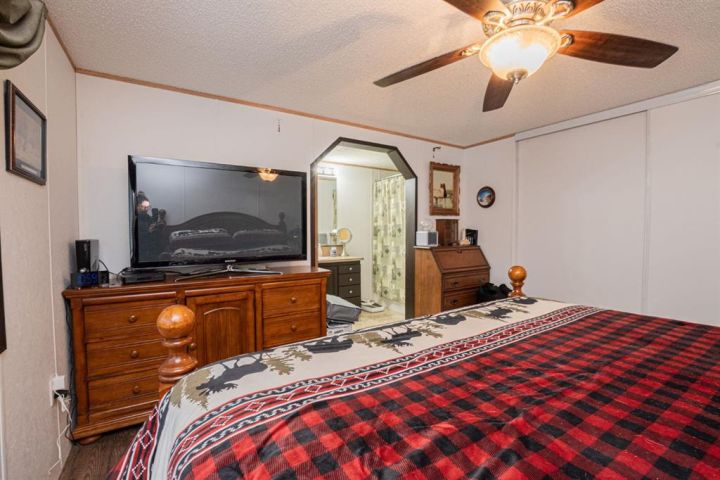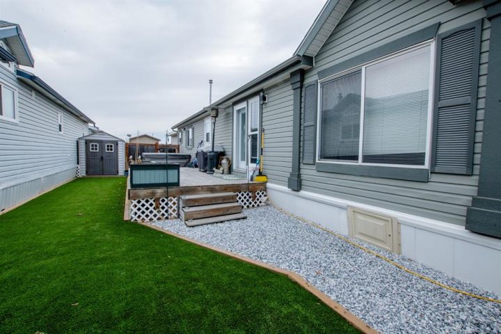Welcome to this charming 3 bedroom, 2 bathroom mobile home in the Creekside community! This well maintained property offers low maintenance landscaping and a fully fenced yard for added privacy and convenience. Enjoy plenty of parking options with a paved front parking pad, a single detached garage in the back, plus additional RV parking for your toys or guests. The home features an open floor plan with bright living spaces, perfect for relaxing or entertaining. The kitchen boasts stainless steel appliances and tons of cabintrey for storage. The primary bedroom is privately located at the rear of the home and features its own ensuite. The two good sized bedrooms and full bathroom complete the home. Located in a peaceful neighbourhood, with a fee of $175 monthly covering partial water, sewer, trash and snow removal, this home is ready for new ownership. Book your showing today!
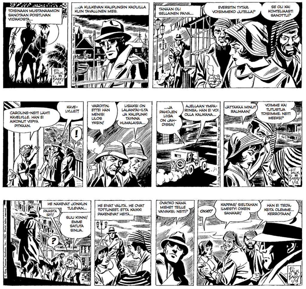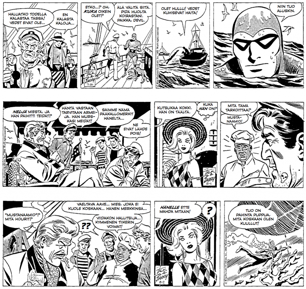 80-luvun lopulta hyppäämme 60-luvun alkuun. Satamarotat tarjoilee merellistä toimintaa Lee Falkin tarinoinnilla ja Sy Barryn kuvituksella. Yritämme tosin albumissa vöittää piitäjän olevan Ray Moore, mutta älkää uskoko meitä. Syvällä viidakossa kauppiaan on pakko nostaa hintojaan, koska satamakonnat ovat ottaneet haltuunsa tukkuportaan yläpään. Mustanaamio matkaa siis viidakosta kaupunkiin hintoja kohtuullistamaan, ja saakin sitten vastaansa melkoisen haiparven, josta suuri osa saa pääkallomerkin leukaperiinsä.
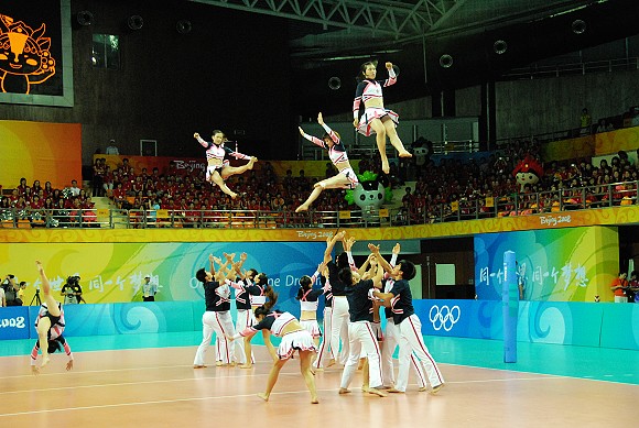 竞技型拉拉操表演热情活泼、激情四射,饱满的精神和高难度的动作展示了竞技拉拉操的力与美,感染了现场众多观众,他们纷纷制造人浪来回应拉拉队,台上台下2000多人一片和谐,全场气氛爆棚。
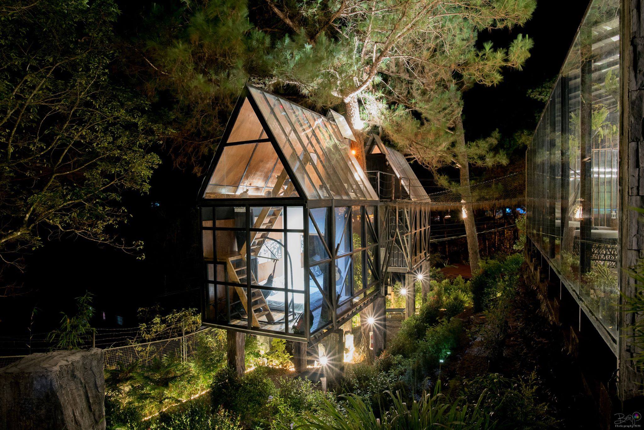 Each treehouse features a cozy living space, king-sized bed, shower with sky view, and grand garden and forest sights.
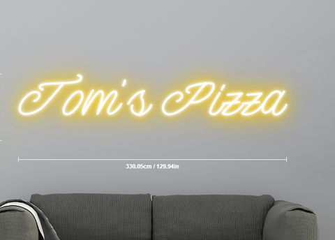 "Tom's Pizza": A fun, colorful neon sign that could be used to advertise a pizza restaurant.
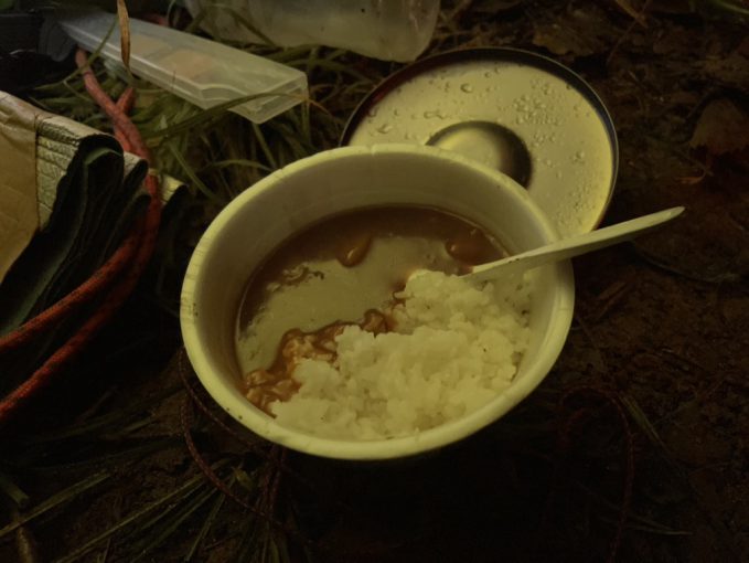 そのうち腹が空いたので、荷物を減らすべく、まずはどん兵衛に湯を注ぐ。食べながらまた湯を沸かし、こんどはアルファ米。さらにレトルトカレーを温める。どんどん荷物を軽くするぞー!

● **Your assignment**: Reproduce each record from above exactly; pictures do not belong in the copy.

● **Exercise solution**:
Welcome to this charming 3 bedroom, 2 bathroom mobile home in the Creekside community! This well maintained property offers low maintenance landscaping and a fully fenced yard for added privacy and convenience. Enjoy plenty of parking options with a paved front parking pad, a single detached garage in the back, plus additional RV parking for your toys or guests. The home features an open floor plan with bright living spaces, perfect for relaxing or entertaining. The kitchen boasts stainless steel appliances and tons of cabintrey for storage. The primary bedroom is privately located at the rear of the home and features its own ensuite. The two good sized bedrooms and full bathroom complete the home. Located in a peaceful neighbourhood, with a fee of $175 monthly covering partial water, sewer, trash and snow removal, this home is ready for new ownership. Book your showing today!
 80-luvun lopulta hyppäämme 60-luvun alkuun. Satamarotat tarjoilee merellistä toimintaa Lee Falkin tarinoinnilla ja Sy Barryn kuvituksella. Yritämme tosin albumissa vöittää piitäjän olevan Ray Moore, mutta älkää uskoko meitä. Syvällä viidakossa kauppiaan on pakko nostaa hintojaan, koska satamakonnat ovat ottaneet haltuunsa tukkuportaan yläpään. Mustanaamio matkaa siis viidakosta kaupunkiin hintoja kohtuullistamaan, ja saakin sitten vastaansa melkoisen haiparven, josta suuri osa saa pääkallomerkin leukaperiinsä.
 竞技型拉拉操表演热情活泼、激情四射,饱满的精神和高难度的动作展示了竞技拉拉操的力与美,感染了现场众多观众,他们纷纷制造人浪来回应拉拉队,台上台下2000多人一片和谐,全场气氛爆棚。
 Each treehouse features a cozy living space, king-sized bed, shower with sky view, and grand garden and forest sights.
 "Tom's Pizza": A fun, colorful neon sign that could be used to advertise a pizza restaurant.
 そのうち腹が空いたので、荷物を減らすべく、まずはどん兵衛に湯を注ぐ。食べながらまた湯を沸かし、こんどはアルファ米。さらにレトルトカレーを温める。どんどん荷物を軽くするぞー!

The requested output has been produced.